Building Kinetic Models with Complex Drug-Protein Interactions: application to
the targeted inhibition of MAPK signaling in cancer
Luca Gerosa, PhD, Postdoctoral Fellow, Laboratory of Systems Pharmacology,
Harvard Medical School
Wednesday January 20, 2021, 12:00 to 1:00 pm EDT
Register at https://www.rosaandco.com/webinars
Abstract:
A key goal in the field of Quantitative Systems Pharmacology (QSP) is the
construction of mechanistic models able to predict drug efficacy. A major
challenge in building such models is the necessity to properly describe highly
cooperative drug-protein and protein-protein interactions that govern the
functioning of biochemical networks. In this seminar, I will show how Ordinary
Differential Equations (ODEs) models comprising large numbers of drug-protein
and protein-protein interactions can be efficiently built using rule-based
modelling and energy-based descriptions of molecular cooperativity.

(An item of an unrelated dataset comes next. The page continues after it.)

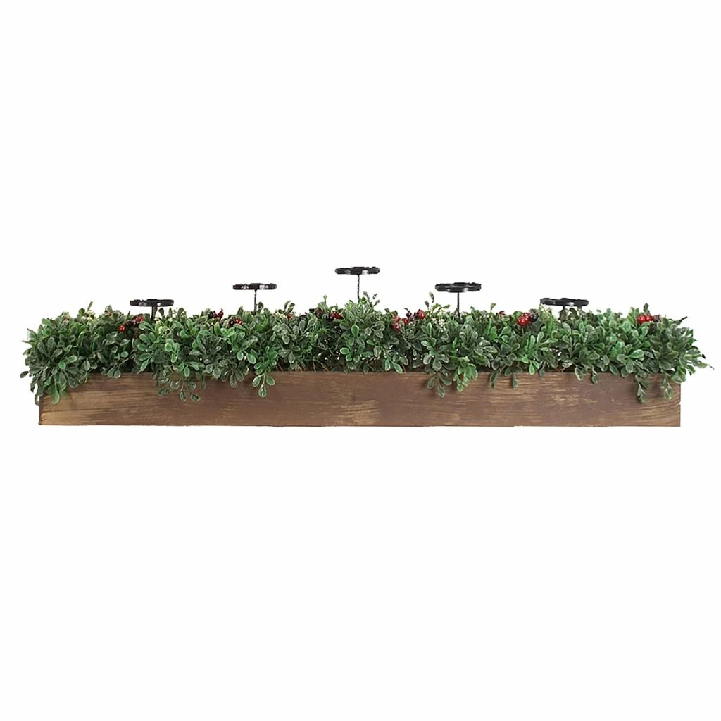 Fraser Hill Farm 42 in. 5-Candle Holder Centerpiece w/ Boxwood Greenery and Red Berries in Wooden Box, FF042CHTT002-0GR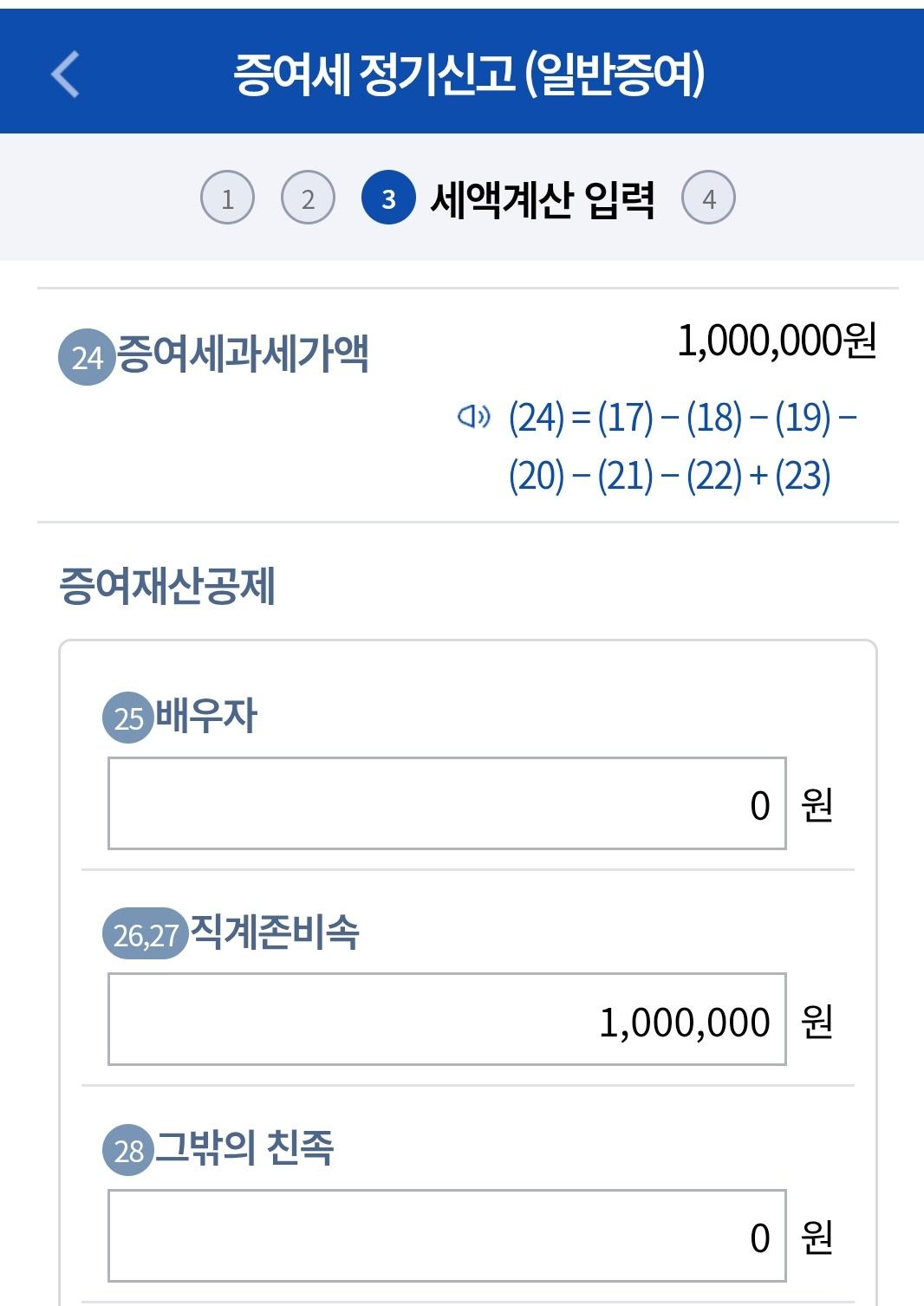 증여재산공제에 26,27 직계존비속란에 100만원 공제를 입력하셔야

The modelling framework I will present is based on an extension of the Python
Systems Biology (PySB) toolbox to incorporate energy-based specifications
supported by BioNetGen (eBNG). The resulting framework allows modelers to write
large ODEs models as compact Python programs in which molecular cooperativity
is specified as free energy contributions and detailed balance is satisfied by
construction. As a case study, I will show that the framework allows the
accurate description of high-order cooperativity interactions between
components of the MAPK signaling pathway and targeted kinase inhibitors and
that the inclusion of such interactions predicts clinically-relevant drug
resistance mechanisms in skin and colorectal cancers.